Para nós umbandistas, estudar a cultura indígena amplia a compreensão da própria Umbanda, ao mesmo tempo em que contribui para uma postura de respeito, escuta e responsabilidade diante de tradições que seguem vivas e em constante luta por reconhecimento. A ancestralidade é a raiz invisível que sustenta quem somos, conectando cada passo nosso à memória viva dos que vieram antes, por isso, nesse texto falaremos um pouco sobre uma dança presente na cultura dos povos originários, que é o Toré.

O Toré constitui uma das expressões mais vitais da espiritualidade e da cultura das nações indígenas do Nordeste brasileiro, funcionando como um complexo ritualístico que entrelaça dança, cânticos e uma profunda consciência de identidade coletiva. Mais do que um evento performático, ele se estabelece como um pilar fundamental do sistema de crenças e da estrutura social de diversos povos originários. 

Historicamente, suas raízes precedem a invasão europeia e, embora não possua um marco temporal de origem único, consolidou-se através dos séculos como uma prática sagrada que resistiu às pressões da colonização. Durante períodos de intensa repressão e catequização forçada, o Toré assumiu um caráter de resistência, sendo muitas vezes mantido sob sigilo para assegurar a sobrevivência das tradições ancestrais diante da expropriação de terras e da violência cultural.



Atualmente, essa prática é preservada por diversas etnias, como os Pankararu, Pankararé, Kariri-Xocó, Xukuru-Kariri, Potiguara, Geripancó e Fulni-ô, que, apesar de compartilharem a base do ritual, imprimem variações características próprias em suas vestimentas, instrumentos e toantes. A dinâmica do Toré organiza-se habitualmente em uma roda, onde os participantes se movimentam ao ritmo marcado de maracás, zabumbas, gaitas e apitos e entoam cantos sagrados, chamados de Toante, que é cantado por apenas um “cantador” ou “cantadora” e acompanhado pelos gritos ritmados do grupo. 

O uso de adereços tradicionais, como pinturas corporais e cocares, contribui para a criação de uma atmosfera de transe e introspecção, facilitando a conexão com os encantados.

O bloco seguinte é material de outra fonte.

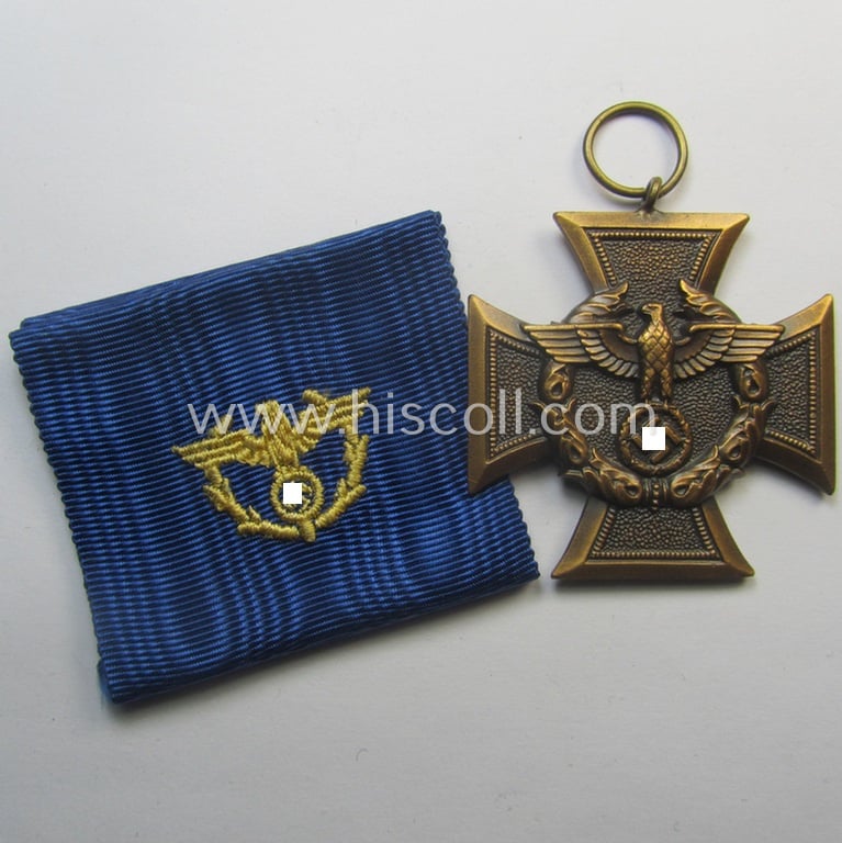 This is truly attractive - and actually scarcely encountered! - example of a typical reddish-bronze-toned- (and/or: typical 'Buntmetall'-based!) so-called: 'Zollgrenzschütz-Ehrenzeichen' (or: customs loyal-service medal) that came together with its full-length- (ie. somewhat broader-shaped, non-confectioned- and actually scarcely found!) ribbon (ie. 'Bandabschnitt') and that comes in an overall very nice- (and I deem issued- albeit never worn- ie. nor once mounted-), condition. The medal is just a tiny bit tarnished but retains a truly fantastic and detailed age-patina overall (it has most certainly never been cleaned nor polished). The award - which was as stated above never mounted - came together with its original, nicely folded and full-length (ie. approximately 14,5 cms. long and/or: 5,2 cms. wide-sized) cornflower-blue-coloured ribbon that shows an interwoven golden-yellow-coloured 'Zollgrenzschütz'-eagle-device (as can be seen on the pictures). The award originates from a private-household in Germany where it was recently found as such. Simply a very nicely preserved - and scarcely found! - 'Zollgrenzschütz-Ehrenzeichen'-medal-set that is - I deem - accordingly priced!
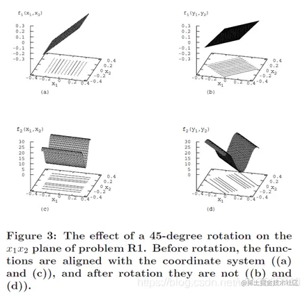 - 在本节中,介绍了四个旋转的测试问题。这些问题可以在决策空间中任意旋转。这些问题中的每一个都具有至少一个非线性的目标,并且可以通过旋转坐标系来引入参数交互作用。
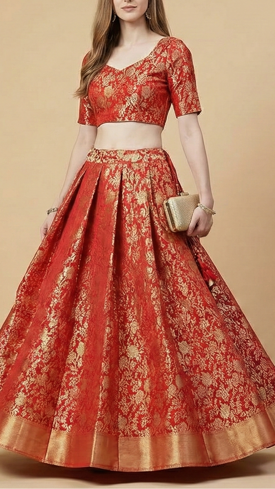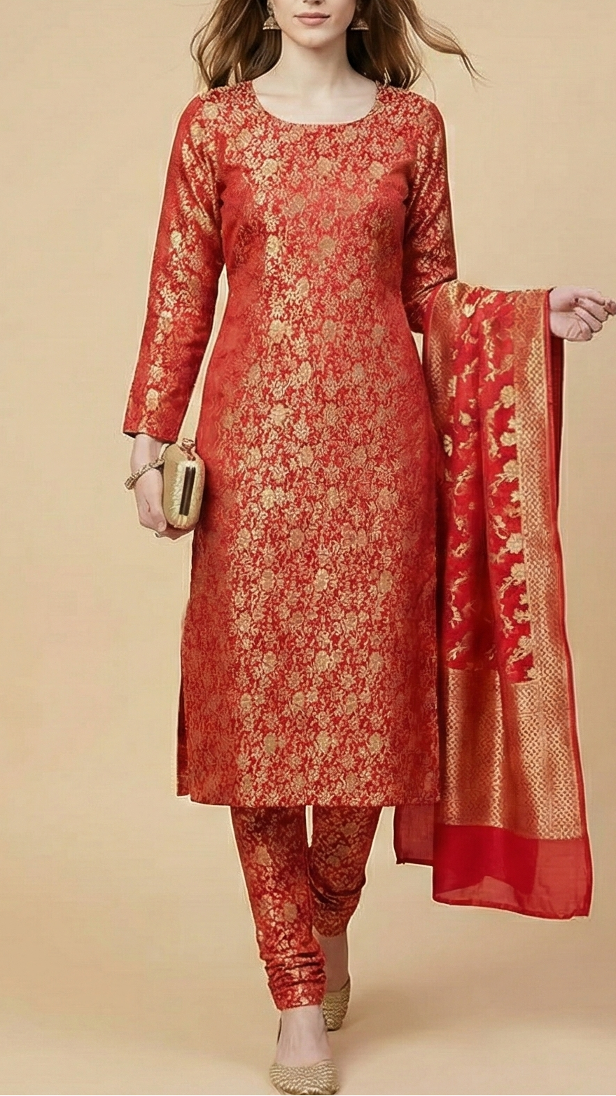 | Fabric Name | Red Banarasi Brocade Fabric With All Over Golden Zari Handloom |

Na visão de mundo dessas comunidades, essas entidades são espíritos ancestrais ou forças da natureza que oferecem proteção, cura e conselhos aos vivos durante a cerimônia cuja representação física é o Praiá, veste tradicional confeccionada com palha. 

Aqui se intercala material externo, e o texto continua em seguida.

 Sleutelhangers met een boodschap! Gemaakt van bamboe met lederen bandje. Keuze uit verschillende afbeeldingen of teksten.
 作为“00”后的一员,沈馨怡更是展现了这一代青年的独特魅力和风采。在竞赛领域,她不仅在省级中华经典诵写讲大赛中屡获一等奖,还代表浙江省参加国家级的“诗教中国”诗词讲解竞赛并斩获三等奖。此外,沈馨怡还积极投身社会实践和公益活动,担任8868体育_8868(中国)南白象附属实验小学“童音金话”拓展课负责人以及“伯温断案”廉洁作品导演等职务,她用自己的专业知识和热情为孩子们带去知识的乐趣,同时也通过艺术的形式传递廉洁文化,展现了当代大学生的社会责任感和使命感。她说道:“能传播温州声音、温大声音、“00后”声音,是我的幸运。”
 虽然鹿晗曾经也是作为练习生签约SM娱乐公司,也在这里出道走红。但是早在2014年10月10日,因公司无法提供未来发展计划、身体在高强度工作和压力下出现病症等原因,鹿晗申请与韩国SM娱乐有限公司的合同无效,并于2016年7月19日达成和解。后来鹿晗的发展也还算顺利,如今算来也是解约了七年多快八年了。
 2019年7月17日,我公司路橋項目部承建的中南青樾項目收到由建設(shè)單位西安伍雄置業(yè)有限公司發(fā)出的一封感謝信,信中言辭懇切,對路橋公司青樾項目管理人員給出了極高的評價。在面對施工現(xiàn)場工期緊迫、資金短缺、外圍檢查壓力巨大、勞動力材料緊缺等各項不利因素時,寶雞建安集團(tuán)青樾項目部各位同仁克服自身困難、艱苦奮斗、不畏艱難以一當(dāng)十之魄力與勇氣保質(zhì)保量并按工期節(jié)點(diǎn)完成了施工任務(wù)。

Composto por duas partes, a máscara ou casaco, chamado Tanam, e a saia, seu objetivo é preservar a identidade do dançador, que, ao vesti-la, seguindo os preceitos religiosos, se torna o próprio Encantado. Cada comunidade possui um Toré próprio e singular, apresentando variações de toadas, ritmos e expressões. Na Umbanda, encantados são entendidos como espíritos ligados à natureza e à ancestralidade, que não passaram pelo ciclo comum de morte, mas permanecem atuando em outra dimensão espiritual, auxiliando com proteção, cura e orientação.



Para além do nível espiritual, o Toré desempenha um papel sociopolítico crucial, servindo como um instrumento de afirmação étnica e de luta por direitos territoriais. Ao longo das últimas décadas, o ritual foi frequentemente utilizado como uma prova pública da continuidade cultural indígena frente a políticas estatais que tentavam negar a existência desses povos. 

Assim, a cerimônia ultrapassa o âmbito religioso para se tornar um símbolo de reivindicação e resiliência. Embora possa ser realizado em celebrações comunitárias ou eventos políticos, o Toré guarda partes restritas e exige um profundo respeito por ser um saber sagrado. Sua permanência histórica é, em última análise, um testemunho da força adaptativa e da presença inabalável das culturas indígenas no cenário brasileiro atual.